▸ Problem details
Find and copy every line in the records that includes the string "with".

Given entries Start Marker

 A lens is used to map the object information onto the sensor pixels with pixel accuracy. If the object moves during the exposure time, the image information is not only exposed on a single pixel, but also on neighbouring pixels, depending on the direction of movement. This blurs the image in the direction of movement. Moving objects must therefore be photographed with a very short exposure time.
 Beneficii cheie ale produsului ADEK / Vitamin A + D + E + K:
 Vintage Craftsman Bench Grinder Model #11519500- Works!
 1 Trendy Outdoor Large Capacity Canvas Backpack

Given entries End Marker
Given entries Start Marker

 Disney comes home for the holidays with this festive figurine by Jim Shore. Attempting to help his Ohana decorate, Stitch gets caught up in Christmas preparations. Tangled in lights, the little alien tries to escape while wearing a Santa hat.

Given entries End Marker
Given entries Start Marker

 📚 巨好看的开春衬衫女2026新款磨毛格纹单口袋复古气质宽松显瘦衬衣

Given entries End Marker

▸ Output of the exercise
 A lens is used to map the object information onto the sensor pixels with pixel accuracy. If the object moves during the exposure time, the image information is not only exposed on a single pixel, but also on neighbouring pixels, depending on the direction of movement. This blurs the image in the direction of movement. Moving objects must therefore be photographed with a very short exposure time.
 Disney comes home for the holidays with this festive figurine by Jim Shore. Attempting to help his Ohana decorate, Stitch gets caught up in Christmas preparations. Tangled in lights, the little alien tries to escape while wearing a Santa hat.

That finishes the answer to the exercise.